Abstract: With the proliferation of devices on the Internet of Things (IoT), ensuring their security has become paramount. Device identification (DI), which distinguishes IoT devices based on their traffic patterns, plays a crucial role in both differentiating devices and identifying vulnerable ones, closing a serious security gap. However, existing approaches to DI that build machine learning models often overlook the challenge of model generalizability across diverse network environments. In this study, we propose a novel framework to address this limitation and to evaluate the generalizability of DI models across data sets collected within different network environments. Our approach involves a two-step process: first, we develop a feature and model selection method that is more robust to generalization issues by using a genetic algorithm with external feedback and datasets from distinct environments to refine the selections. Second, the resulting DI models are then tested on further independent datasets to robustly assess their generalizability. We demonstrate the effectiveness of our method by empirically comparing it to alternatives, highlighting how fundamental limitations of commonly employed techniques such as sliding window and flow statistics limit their generalizability. Moreover, we show that statistical methods, widely used in the literature, are unreliable for device identification due to their dependence on network-specific characteristics rather than device-intrinsic properties, challenging the validity of a significant portion of existing research. Our findings advance research in IoT security and device identification, offering insight into improving model effectiveness and mitigating risks in IoT networks.

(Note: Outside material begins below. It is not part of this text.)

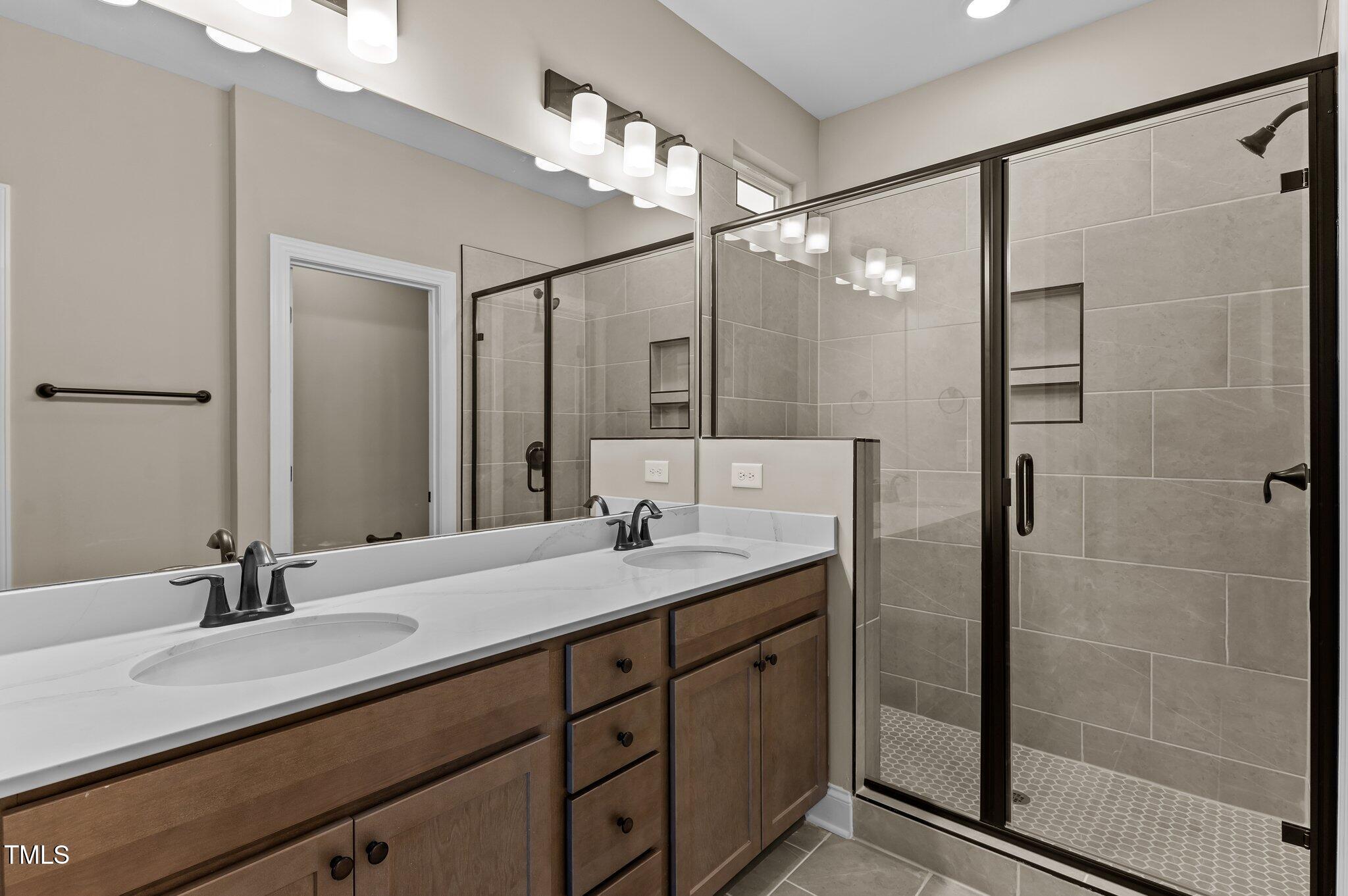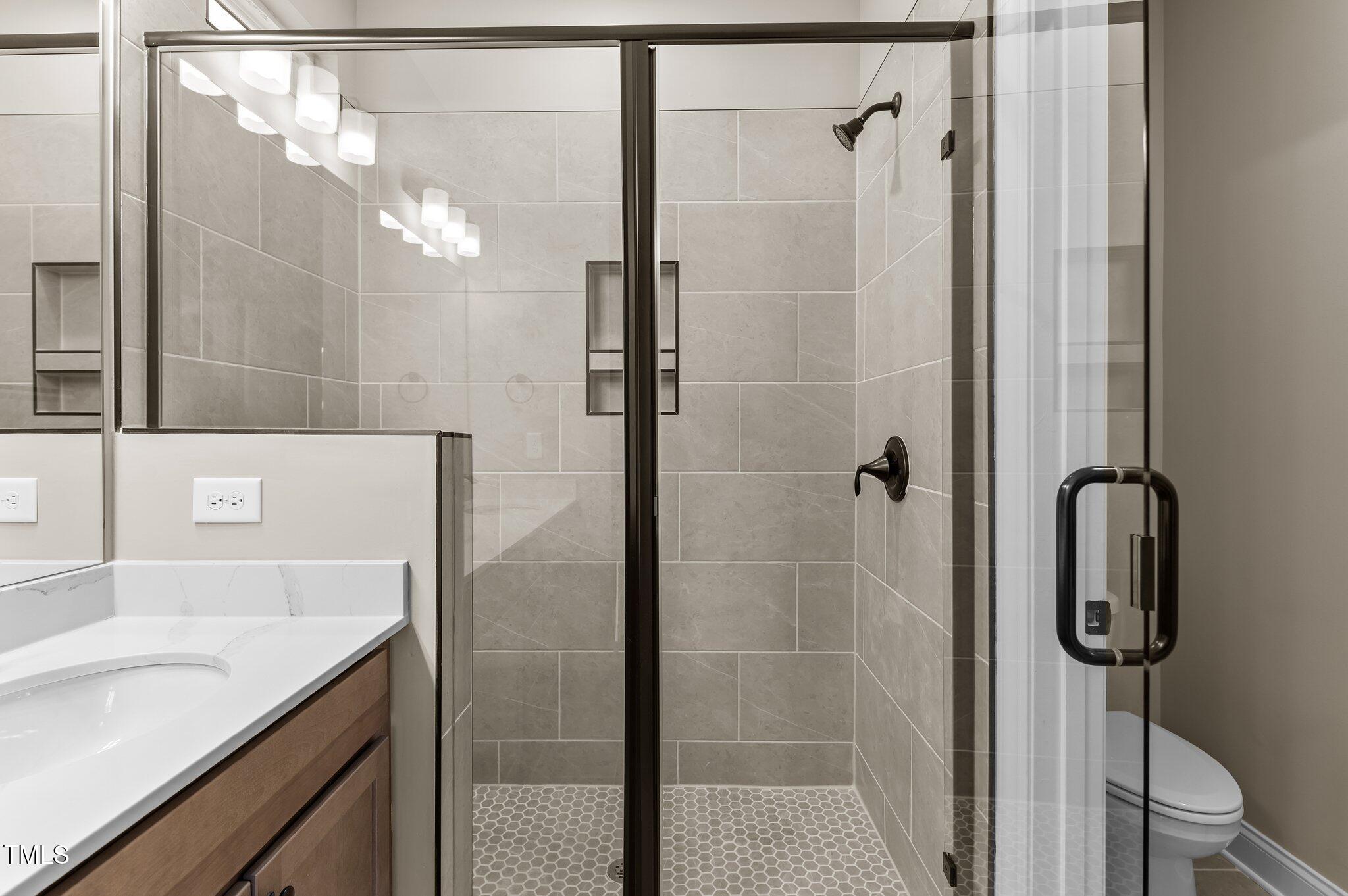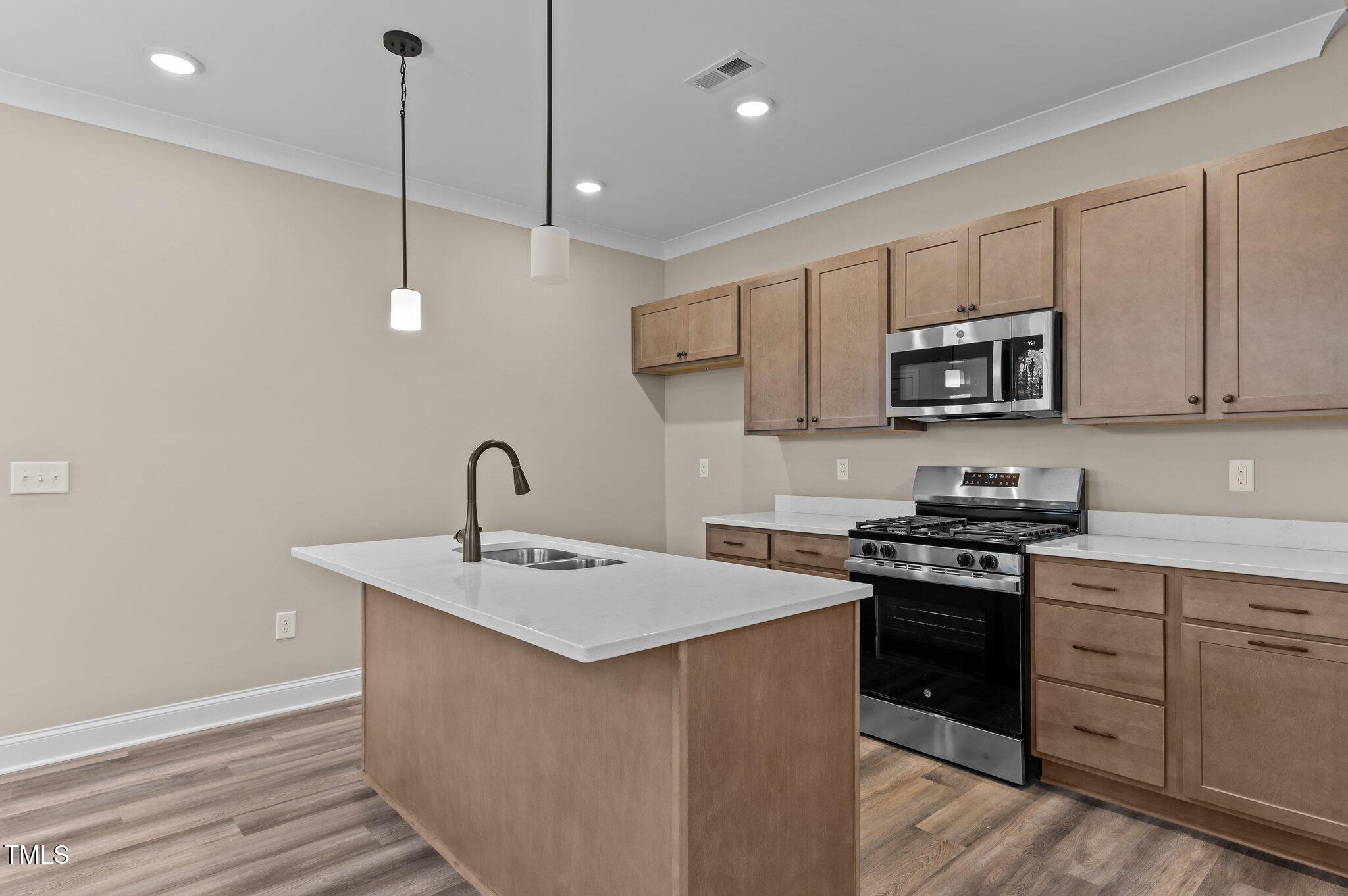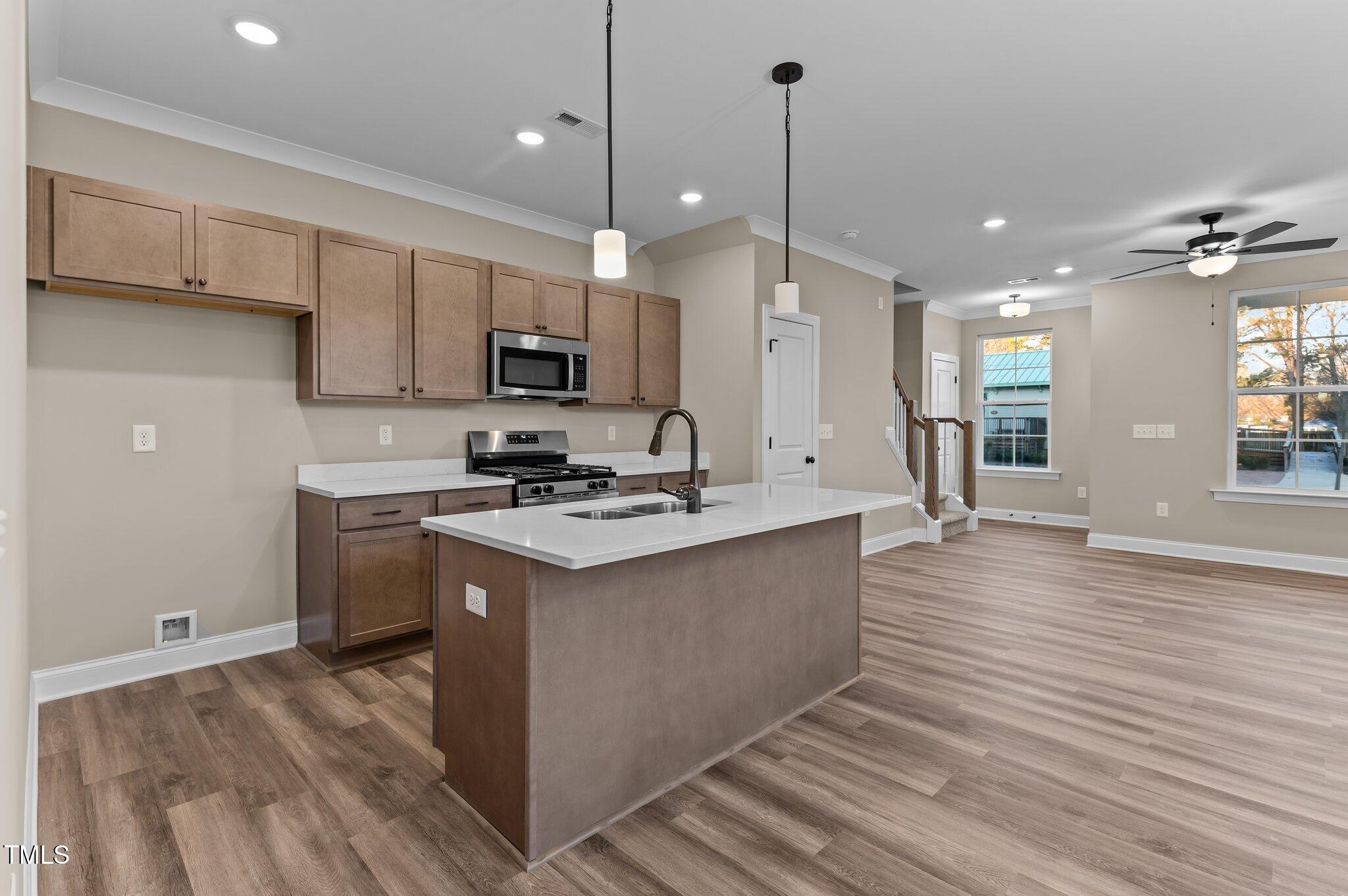 This custom-built townhome, named The Pearl, is located in the heart of downtown Garner, North Carolina, offering convenient access to local shopping, dining, and parks. The property features upgraded LVP flooring throughout the main living areas. The kitchen is equipped with "Carrara Roma" quartz countertops, custom "Venetian Bronze" stained cabinetry with oil-rubbed bronze hardware, a large center island with a single bowl stainless steel sink and barstool seating, stainless steel appliances including a smooth top range, microwave, and dishwasher, and a walk-in pantry. The kitchen opens to a spacious dining area and an open-concept family room with a double window. The second floor includes a large primary suite with a deluxe bath featuring tile flooring, a dual vanity with a "Calacatta" quartz top, a 12x24 tile surround shower, a linen closet, and a walk-in closet. There are also secondary bedrooms and a convenient laundry area. The property includes a rear entry 1-car garage and a storage room. The property size is 1693 square feet.

• The paper demonstrates that packet header-based features, rigorously selected through cross-dataset validation and genetic search, vastly improve generalization compared to flow-based statistical features (e.g., achieving ~0.78 F1 vs. <0.50 F1).
• The methodology employs a multi-stage evaluation pipeline that mitigates overestimated performance from cross-validation by using session and dataset splits, highlighting the risk of information leakage.
• The resulting Random Forest model is deployable for real-time IoT device identification, offering enhanced security and operational scalability in diverse network settings.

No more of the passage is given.